Business pressure. It's been going on since the first lockdown and travel advisory.


----------



## sags (May 15, 2010)

August 9th is far enough away to judge if it is prudent at the time.

If the US continues on it's current trajectory, I doubt we will open the border.

There is also an undercurrent developing in the US where doctors are weary of having to treat those who refuse vaccinations.

They are also having a difficult time staffing hospitals as people are quitting or taking time off for stress.

A 4th wave could be worse than the others simply because everyone is worn out.

Let's hope the vaccines prove highly effective against the worst symptoms at least.


----------



## Eder (Feb 16, 2011)

Should have never been closed in the first place. Get vaxxed, stop wringing your hands.


----------



## agent99 (Sep 11, 2013)

⬆⬆⬆


----------



## doctrine (Sep 30, 2011)

Vaccines work. Time to open up. They are free and widely available here and in the US.


----------



## james4beach (Nov 15, 2012)

agent99 said:


> Listening to CNN. Apparently a 145% increase in cases in USA, mainly due to the Delta variant, it just leaves me cold when I read we are opening. Albeit with fairly strict requirements. (Fully vaccinated and a recent negative test)
> 
> Can't imagine why Trudeau & co are doing this at this time.


I don't get it either. Seems like a very bad idea to me.

US cases are trending higher and they might start getting out of control, just like the UK is now experiencing. Generally speaking COVID rates are higher in the US than in Canada. Once we open the border, we're going to be importing more active cases into the country.


----------



## james4beach (Nov 15, 2012)

Tostig said:


> Business pressure. It's been going on since the first lockdown and travel advisory.

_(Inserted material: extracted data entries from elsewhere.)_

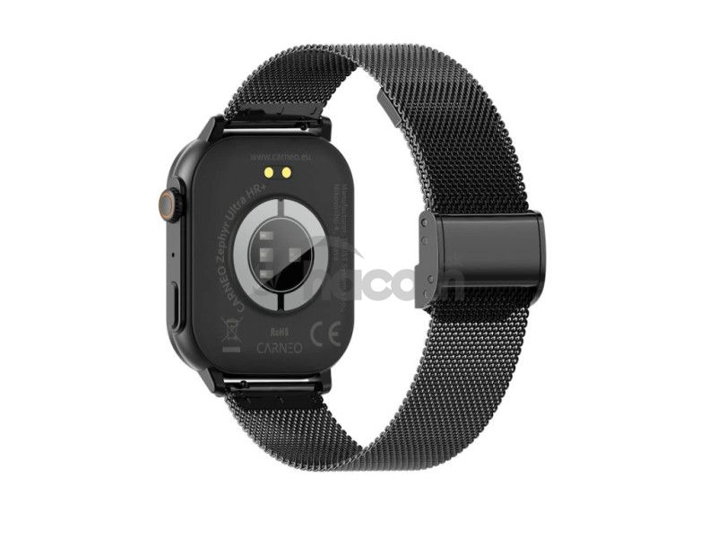 Moderné, designovo prepracované fitness hodinky CARNEO Zephyr Ultra HR+ v čiernej farbe s čiernym, kovovým, pleteným remienkom a farebným SUPER AMOLED displejom s vysokým jasom a funkciou trvalého zobrazenia času. Monitorujú vašu dennú aktivitu, úroveň stresu a je možné ich spárovať s mobilným telefónom vďaka čomu Vás upozorní na prichádzajúci hovor alebo SMS. Hodinky umožňujú telefonovať bez toho, aby ste museli telefón vybrať z tašky, vďaka vstavanému mikrofónu a reproduktoru až do vzdialenosti 10 m od telefónu. Ich bezchybné kovové telo s nadčasovými outdoorovými krivkami je tak návykové, že ich po prvom nosení nebudete chcieť zložiť zo zápästia. Tvrdené minerálne sklo ochráni ich krištáľovo čistú obrazovku pred poškriabaním.Hodinky sú dodávané so silikónovým remienkom v čiernej farbe príjemným na dotyk, ktorý im dodáva športový vzhľad. Vkusný outdoorovo-luxusný dizajn sa ľahko kombinuje k obleku alebo voľnočasovému outfitu. Hodinky aj aplikácie sú kompletne v češtine, takže si budete určite spolu dobre rozumieť.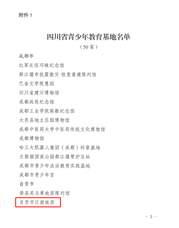5月30日,在各地推薦的基礎(chǔ)上,經(jīng)過(guò)層層篩選,中國(guó)關(guān)心下一代委員會(huì)發(fā)布了《關(guān)于公布第六批全國(guó)關(guān)心下一代黨史國(guó)史教育基地名單的通知》,確定北京奧運(yùn)博物館等80個(gè)單位為“第六批全國(guó)關(guān)心下一代黨史國(guó)史教育基地”。其中,四川省共2個(gè)單位入選,江姐故里紅色教育基地成功上榜。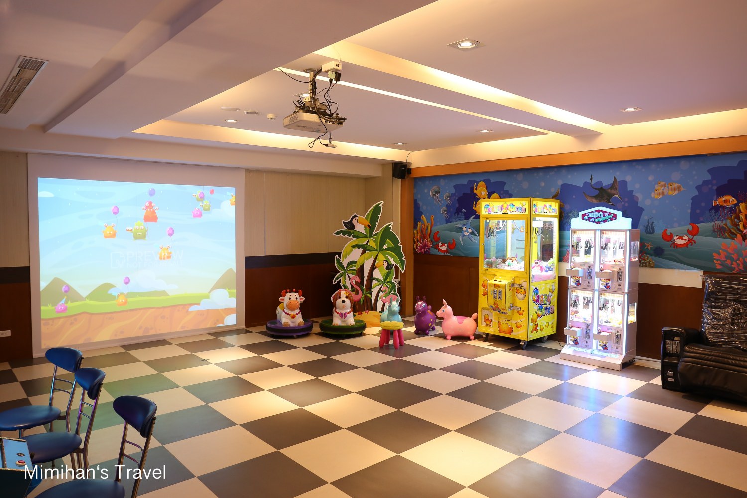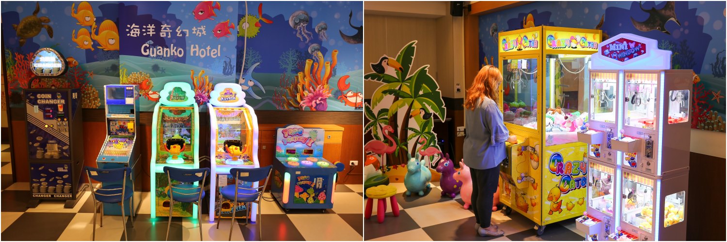 地下室的海洋奇幻城是冠閣大飯店的最新設施,裡面擺了好幾台適合小朋友的投幣式遊戲機台和玩具電動車,還有互動式投影機也是能讓小朋友盡情放電 😆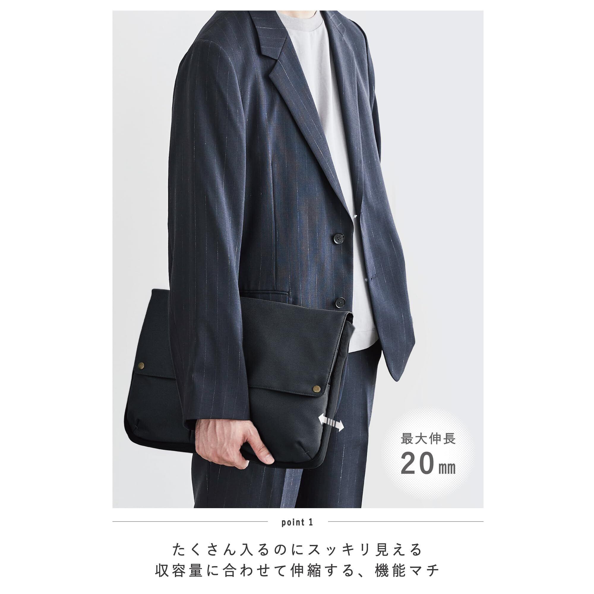 在宅とオフィスを横断して働くワーカーに合った機能とデザイン。日々変化する収容物の容量に合わせて伸縮性する機能マチと、小脇に抱えた時におしゃれに見えるデザイン性を両立。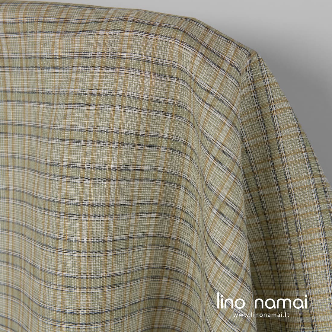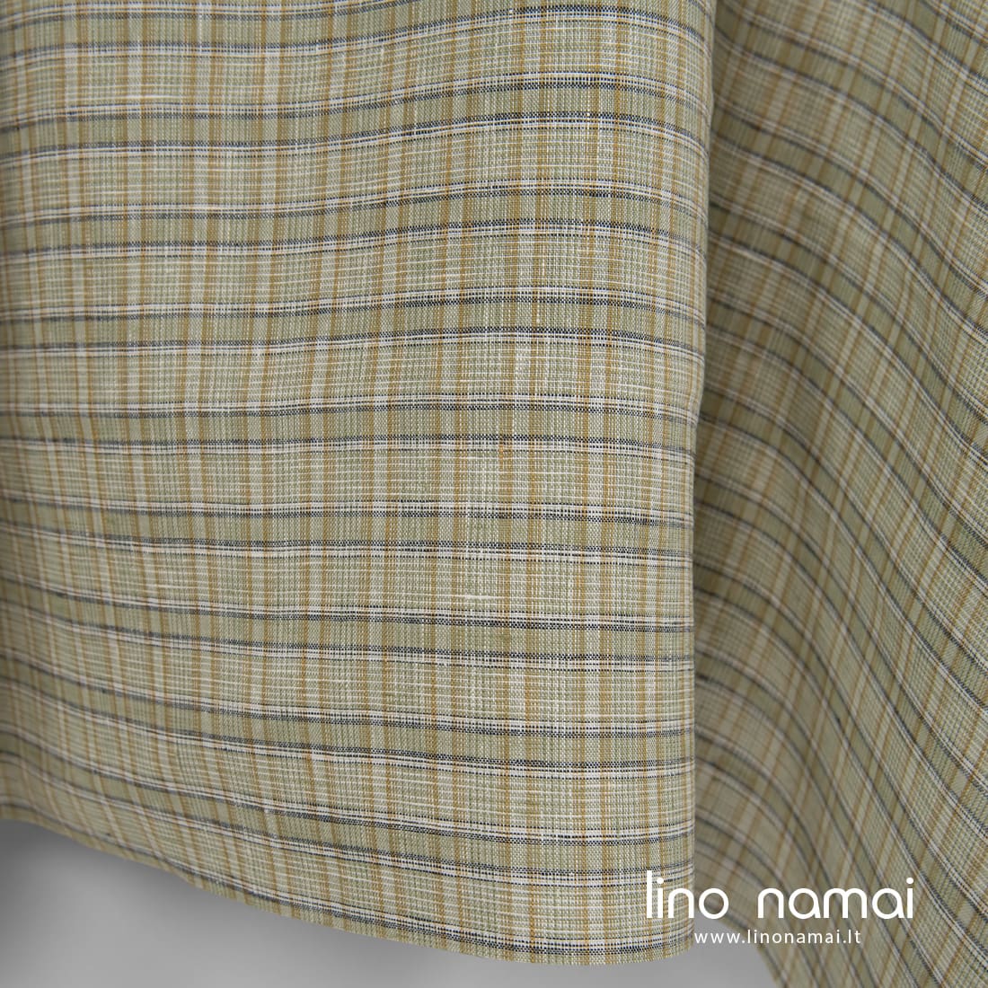 Lino audinys žaliais langučiais. Šiame lengvame, tankiame, vidutinio storio lino audinyje suausti sendintos žalios, rusvai geltonos, tamsiai mėlynos spalvos ir pieno baltumo (gelsvai balti) verpalai. Tinka drabužiams ir namų tekstilei siūti.

Exactly. This is corporate lobbying. It results in politicians making decisions in the best interests for businesses, rather than the public who they serve.


----------



## agent99 (Sep 11, 2013)

doctrine said:


> Vaccines work. Time to open up. They are free and widely available here and in the US.


They do work, but are not 100% effective. Quite a number of cases of infections of those with two doses are showing up. Rare at the moment but partly because one can be infected, but have no symptoms. Yet still carry the virus. 
Right now, the vaccine clinics on both sides of border are empty. Large numbers of Americans (and some Canadians) refuse to get vaccinated. CNN covered this this evening. Many reasons: Ideology, religion, mistrust of science, poor experience with health system (mostly among black population), etc etc.
Less than 50% of Americans are fully vaccinated. Canada percentage is slightly higher. We were slow to start, but far more Canadians wanted to get vaccinated. Just think, about a month ago we were complaining about the delay in getting our second doses!
I saw nothing about what type of proof of vaccination Americans will be required to provide. Border agents will now also have to be Covid police. They need something concrete to go by.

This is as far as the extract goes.